EXERCISE GOAL: Within the records below, find the line with "バッグの入れ口はシルバー色サ" and the line with "裏蓋を止めるネジが二つ欠品し", then reproduce exactly those two lines and all lines between them, without any picture.

Data items
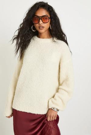 Bouclee-Pullover Mit Rundhals-Ausschnitt - Cream - M, Cream
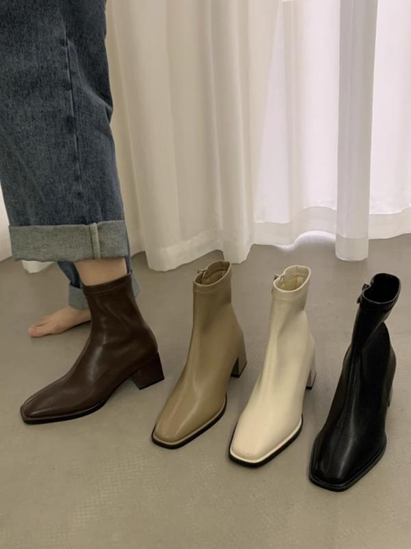 ソックスブーツ レディース ショートブーツ 太めヒール ストレッチブーツ ショート スクエアトゥ ブ・・・
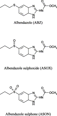Альбендазол відноситься до групи карбаматбензімідазолів. З цієї групи з'єднань синтезований такий широко відомий препарат, як мебендазол, що випускається також під назвою вермокс. Проте Альбендазол значно перевершує мебендазол як по ефективності, так і по широті спектру дії.
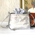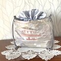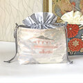 バッグの入れ口はシルバー色サテンの巾着となっており、上品で華やかでありながら、防犯面でもすぐれています
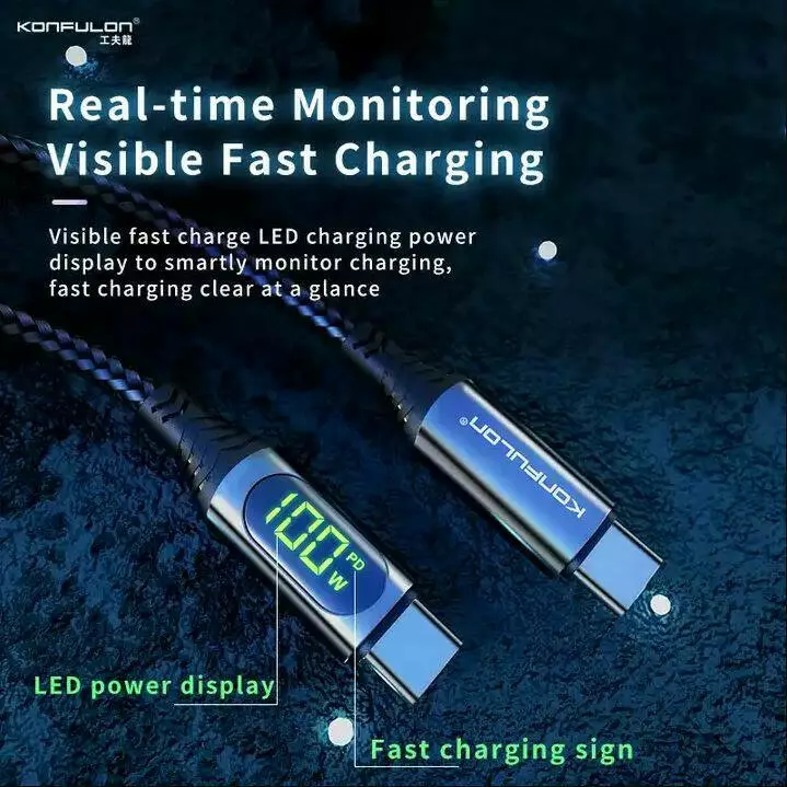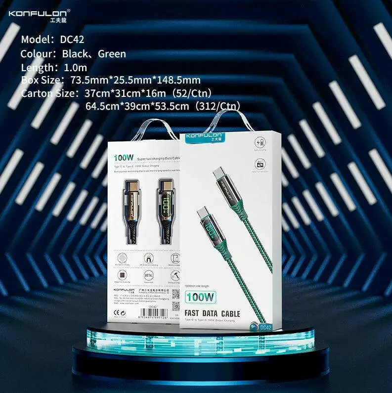 Кабель Konfulon DC42, Type-C to Type-C, 1m, 100W, Black
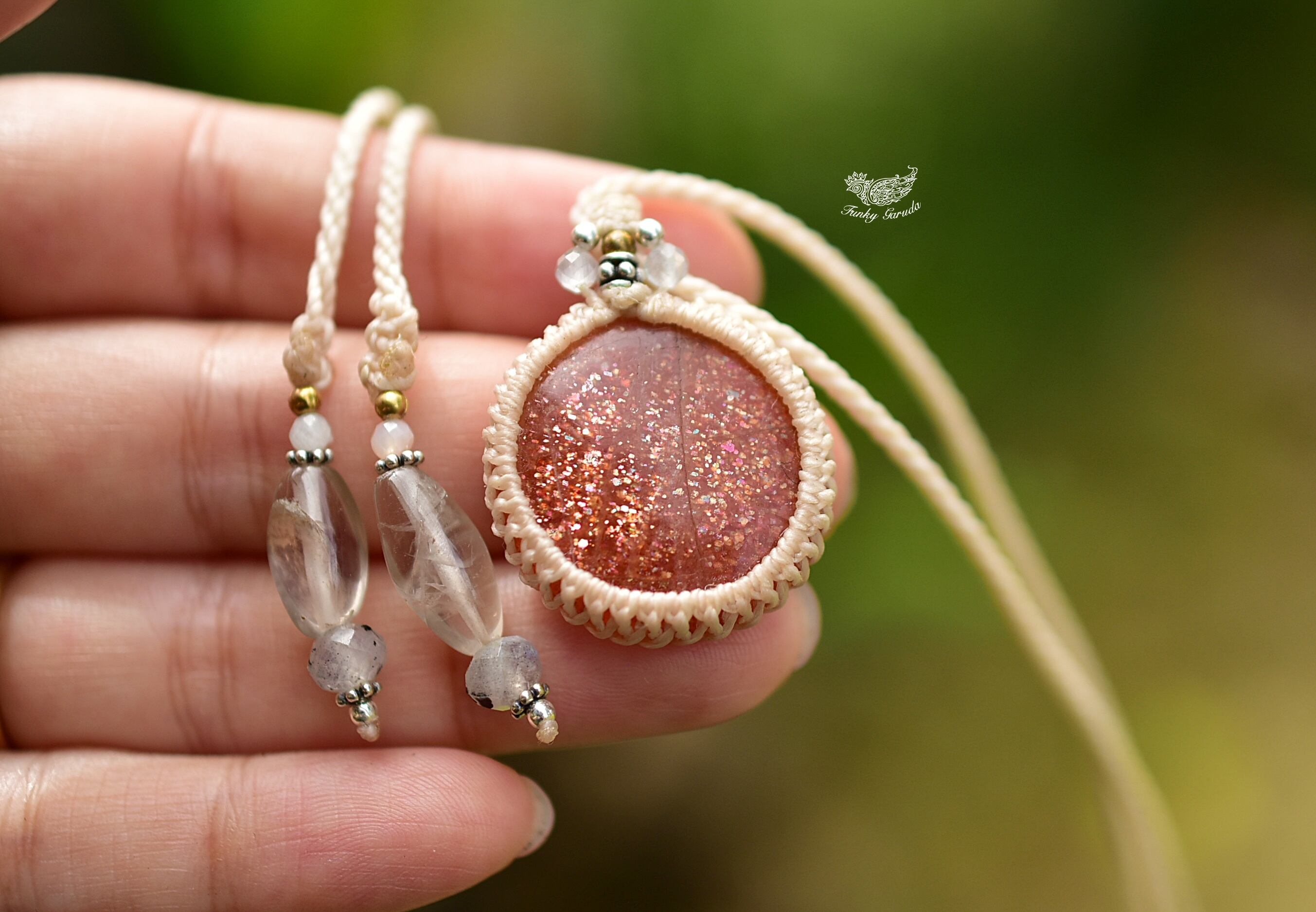 ◆このたびはナチュラルホワイト色の蝋引き糸を使用しマクラメ編み装飾を施しました。
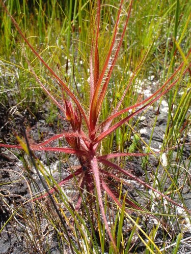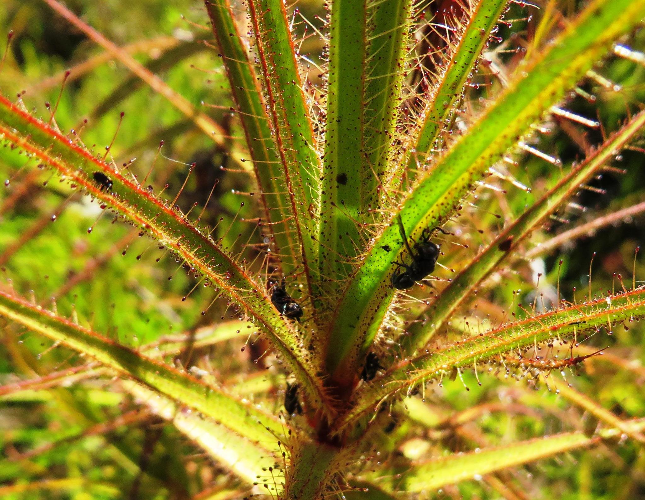 Shrublets up to 60 cm high. Stems fairly stout with prominent horizontal leaf-scars, brownish, ending in racemes which die off but producing side branches below the old inflorescences. Leaves crowded at the ends of the branches, the older reflexed, younger erect; lamina linear, up to 12 cm long and 5 mm broad, tapering gradually to a filiform tip, margin entire, beset with long-stemmed tentacles tipped with knob-shaped glands; upper surface with small tentacles and long white setae; lower surface glabrous but the raised midrib furnished with a row of short tentacles. Flowers aggregated into terminal racemes bearing 10-12 flowers on short bractiferous pedicels. Sepals linear-subulate, 15 mm long, the tip ending in a tentacle, margin softly hairy. Petals ovate, 15 mm long, apiculate, with a dark base, deciduous. Stamens with the anthers opening by wide slits. Ovary glabrous with 2-4 ovules in each locule, style broadening towards the apex where it forms a wide, flat, papillate stigma. Capsule narrowly ovoid, 1 cm, herbaceous; seeds angled, verrucose, 2.5 mm long, brown. From: Obermeyer, AA. 1970. Roridulaceae. Fl. S. Africa 13: 201-204. Dept. Agric. and Technical Services, Pretoria. [CC BY]
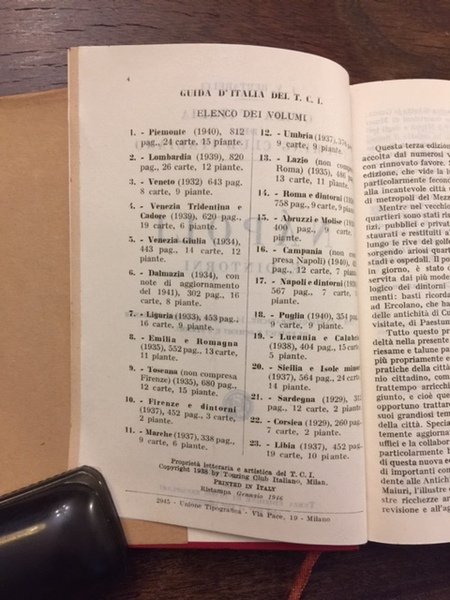567 p. con 7 carte geografiche, 14 piante di città e 45 piante di edifici; 16 cm. Leg. in tela editoriale rossa, sovracoperta. Molto buono
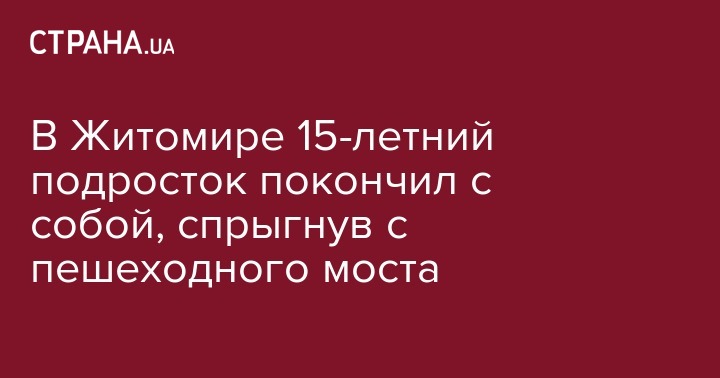 В Житомирской области подросток покончил жизнь самоубийством, прыгнув с пешеходного моста в парке. Об этом сообщил начальник Нацполиции в Житомирской области Вячеслав Печененков на своей странице в Facebook.
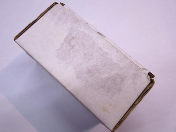 裏蓋を止めるネジが二つ欠品しています。打痕が一か所ございます。箱はシールが貼って剥がされた跡があります。
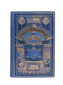 Les Tribulations d'un Chinois en Chine / Les Cinq cents millions de la Begum par Jules Verne. Illustrations de Benett. Paris, Bibliothèque d'Éducation et de Récréation, J. Hetzel et Cie, sd (1879). Grand in-8° double. Cartonnage éditeur en pleine percaline bleu azur «aux deux éléphants» avec 2e plat Lenègre de type «e». Lenègre Relieur. Tranches dorées. Gardes bleu. Catalogue «AB» pour 1879-1880. Imprimerie Gauthier-Villars. Éditions originales illustrées et premier cartonnage double. Petit accroc en pied du second mors. Un détail lorsqu'on tient l'exemplaire en main : c'est indiscutablement une merveille, par sa couleur comme par ses ors !

SOLUTION BELOW:
 バッグの入れ口はシルバー色サテンの巾着となっており、上品で華やかでありながら、防犯面でもすぐれています
 Кабель Konfulon DC42, Type-C to Type-C, 1m, 100W, Black
 ◆このたびはナチュラルホワイト色の蝋引き糸を使用しマクラメ編み装飾を施しました。
 Shrublets up to 60 cm high. Stems fairly stout with prominent horizontal leaf-scars, brownish, ending in racemes which die off but producing side branches below the old inflorescences. Leaves crowded at the ends of the branches, the older reflexed, younger erect; lamina linear, up to 12 cm long and 5 mm broad, tapering gradually to a filiform tip, margin entire, beset with long-stemmed tentacles tipped with knob-shaped glands; upper surface with small tentacles and long white setae; lower surface glabrous but the raised midrib furnished with a row of short tentacles. Flowers aggregated into terminal racemes bearing 10-12 flowers on short bractiferous pedicels. Sepals linear-subulate, 15 mm long, the tip ending in a tentacle, margin softly hairy. Petals ovate, 15 mm long, apiculate, with a dark base, deciduous. Stamens with the anthers opening by wide slits. Ovary glabrous with 2-4 ovules in each locule, style broadening towards the apex where it forms a wide, flat, papillate stigma. Capsule narrowly ovoid, 1 cm, herbaceous; seeds angled, verrucose, 2.5 mm long, brown. From: Obermeyer, AA. 1970. Roridulaceae. Fl. S. Africa 13: 201-204. Dept. Agric. and Technical Services, Pretoria. [CC BY]
567 p. con 7 carte geografiche, 14 piante di città e 45 piante di edifici; 16 cm. Leg. in tela editoriale rossa, sovracoperta. Molto buono
 В Житомирской области подросток покончил жизнь самоубийством, прыгнув с пешеходного моста в парке. Об этом сообщил начальник Нацполиции в Житомирской области Вячеслав Печененков на своей странице в Facebook.
 裏蓋を止めるネジが二つ欠品しています。打痕が一か所ございます。箱はシールが貼って剥がされた跡があります。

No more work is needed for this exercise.